▸ **Task description**:
Among the entries that follow, locate the line with "Complete Fucker +" and the line with "Отличный проект беседки". Output those lines and all lines in between, exactly, minus the pictures.

▸ **Material to process**:

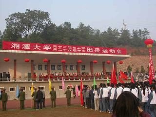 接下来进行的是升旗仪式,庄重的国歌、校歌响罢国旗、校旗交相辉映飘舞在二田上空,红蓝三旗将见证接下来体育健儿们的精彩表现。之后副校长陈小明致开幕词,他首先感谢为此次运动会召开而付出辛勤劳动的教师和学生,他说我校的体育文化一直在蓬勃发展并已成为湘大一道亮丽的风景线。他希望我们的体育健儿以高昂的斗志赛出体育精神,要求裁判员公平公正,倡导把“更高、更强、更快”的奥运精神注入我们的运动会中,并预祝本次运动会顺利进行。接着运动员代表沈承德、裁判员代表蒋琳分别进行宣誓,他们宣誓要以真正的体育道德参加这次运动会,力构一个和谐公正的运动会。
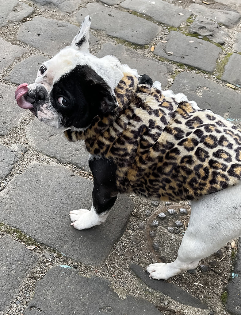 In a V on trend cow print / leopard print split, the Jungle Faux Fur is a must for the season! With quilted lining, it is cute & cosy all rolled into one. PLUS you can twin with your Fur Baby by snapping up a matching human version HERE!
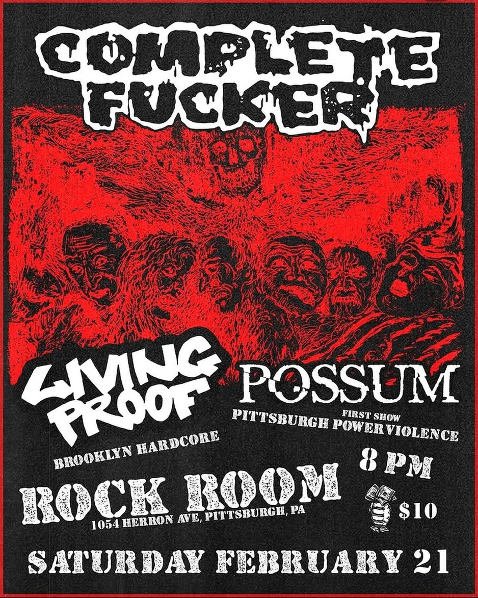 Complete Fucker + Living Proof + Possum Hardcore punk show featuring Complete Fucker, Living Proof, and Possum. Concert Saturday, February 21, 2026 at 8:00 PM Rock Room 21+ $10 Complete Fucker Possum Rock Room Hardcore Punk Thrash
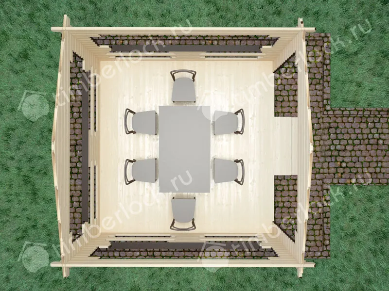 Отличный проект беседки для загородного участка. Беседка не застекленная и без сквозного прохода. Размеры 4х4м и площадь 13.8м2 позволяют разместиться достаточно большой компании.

* * *

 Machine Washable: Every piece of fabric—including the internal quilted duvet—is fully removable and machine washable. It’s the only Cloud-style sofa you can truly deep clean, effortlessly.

* * *

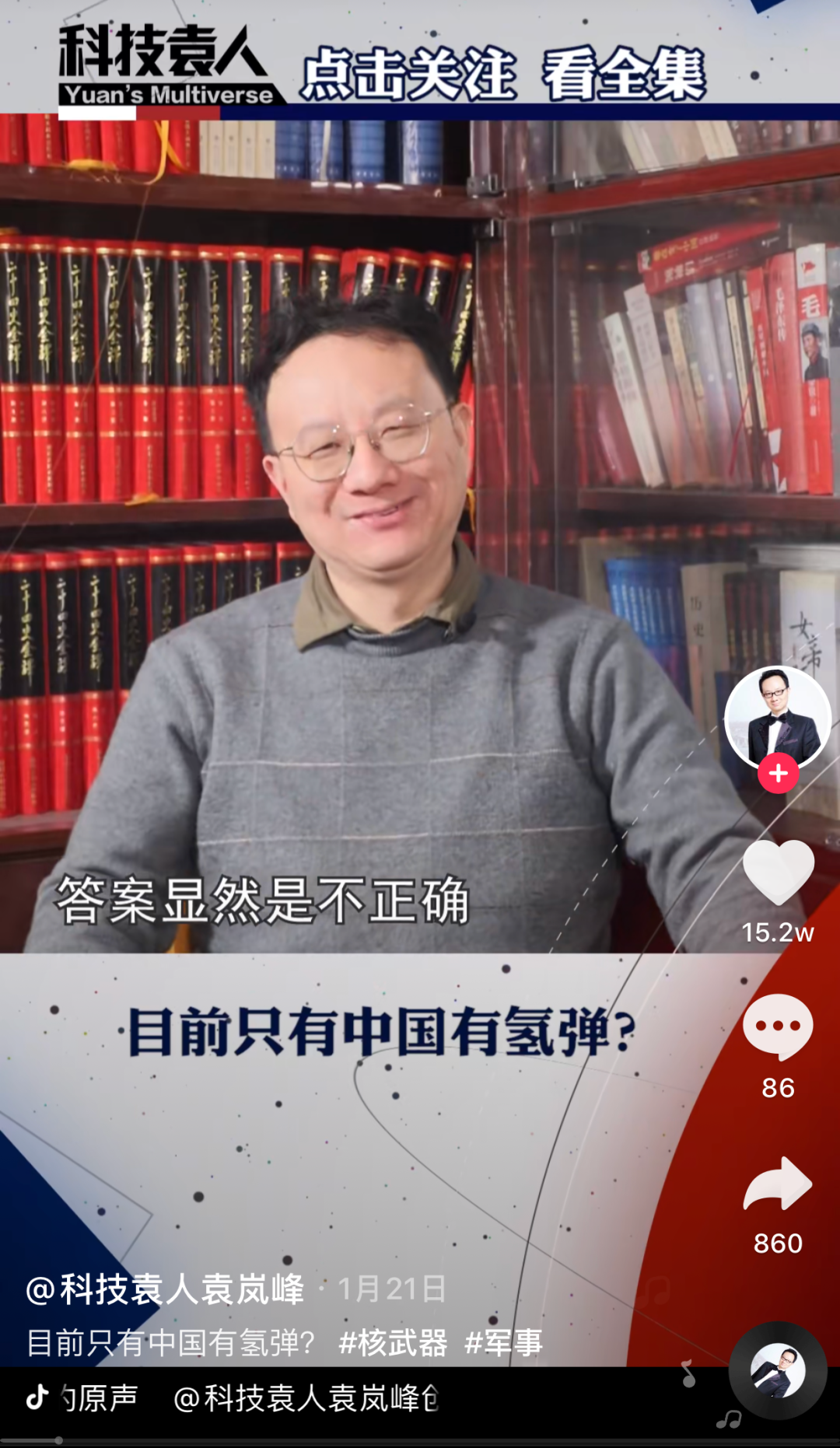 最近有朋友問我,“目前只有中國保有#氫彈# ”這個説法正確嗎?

▸ **Written reply**:
 Complete Fucker + Living Proof + Possum Hardcore punk show featuring Complete Fucker, Living Proof, and Possum. Concert Saturday, February 21, 2026 at 8:00 PM Rock Room 21+ $10 Complete Fucker Possum Rock Room Hardcore Punk Thrash
 Отличный проект беседки для загородного участка. Беседка не застекленная и без сквозного прохода. Размеры 4х4м и площадь 13.8м2 позволяют разместиться достаточно большой компании.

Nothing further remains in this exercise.